As I was praying this morning, something popped into my head that I hadn’t really given much thought before. I mean, I’ve read things and heard leaders talk about this, but for some reason, today it made sense. If only I can make it sensible here…
How much do I have to work in order to see God move in people’s lives? My tendency is to give all that I can. Instead of watching TV now, I plan next month’s meeting. A few spare minutes before dinner gets finished…use it to check email. What ends up happening is that I don’t discipline my schedule at all. Work bleeds over into free-time and family time, and vice versa.
I think where I mess up is thinking that “living for God” is synonymous with “working for God.” As a staff person at The Journey, I have responsibilities and events and meetings. And, I want our church environments and programs and ministries to be excellent to reach people far from God, so I don’t mind giving a lot of time to the work of God. But, as I prayed this morning, it became very clear to me that this can be a very undisciplined way of living — and ungodly.
If I don’t spend enough time with my family and let them know that they are a priority in my life, will God bless the extra hours I’m giving to ministry work?
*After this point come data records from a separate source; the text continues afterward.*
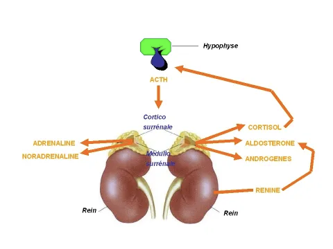 L’hypophyse produit l’hormone ACTH (corticotrope). Cette hormone corticotrope agit sur les glandes corticosurrénales. Le rôle de ces glandes est la production de la fameuse hormone cortisol.
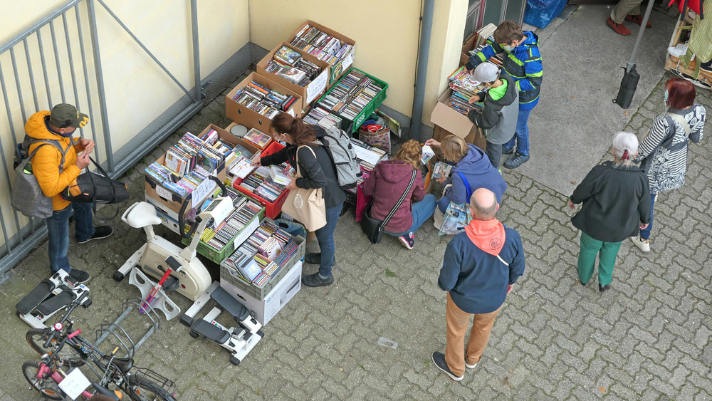 Zum Glück machte auch das Wetter mit und rechtzeitig vor dem Regen wurde alles von zahlreichen helfenden Händen in Kisten für den Frühjahrsflohmarkt 2021 verpackt.
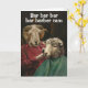 Cette carte est illustrée d'un bélier donnant une coupe de cheveux intelligente à un mouton. Ci-dessus exécute le texte de plaisanterie "Bar bar bar barber ram"
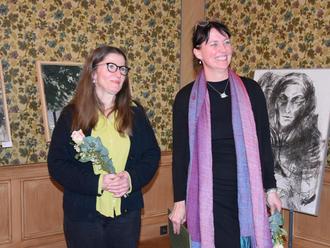 Die Künstlerinnen Andrea Ackermann und Susanne Theumer bei der Eröffnung der Ausstellung „Frauen und Landschaften der Reformation - Eine Hommage“ am 25. April 2025. Die Werke der beiden Malerinnen zusammen mit der Wanderausstellung „Frauen der Reformation“ können noch bis zum 21. Juni im Schloss Stolberg besichtigt werden.
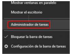 Esperaremos dos minutos y comprobaremos que el cierre ha sido satisfactorio haciendo botón derecho en la barra de tareas y accediendo a Administrador de Tareas;
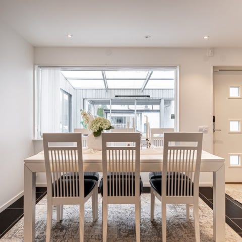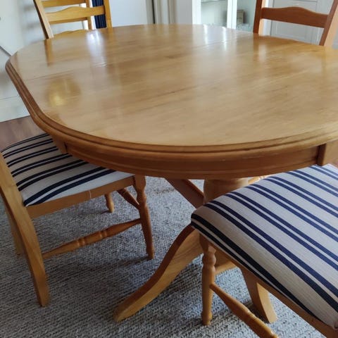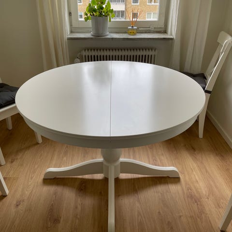 Matbord med 6 st tillhörande stolar samt iläggsskiva. Finns några få märken på bordet.
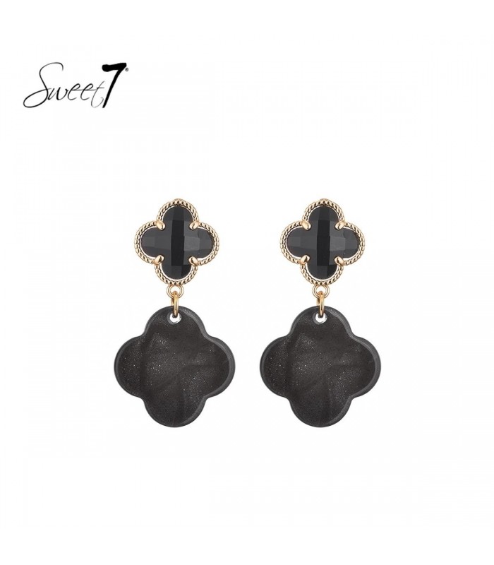 Deze zwarte klaver vier oorhangers, afgewerkt met een subtiele goudkleurige rand. Het klavertje vier staat symbool voor geluk en de combinatie met de gouden rand voegt een vleugje luxe toe. Gemaakt van hoogwaardige materialen zorgen deze oorbellen voor een modieuze uitstraling.

If I steal time from my own leisure activities and rarely just sit and relax, will God’s movement be more visible in my life?
I don’t think so.
The real question running in my head this morning was this: Do I trust God to take my offering of my time and my resources and multiply it for the glory of His Kingdom?
Perhaps, I need to discipline my work schedule to include some gaps as well. I create gaps in my finances as I give. I step out in faith to give a certain percentage of my income to God (and even extra to Kidstuf this year), and I’m trusting God to meet me there in that gap.
Why don’t I do that with my time? Why don’t I set some clear boundaries and trust Him to meet me there in the gaps?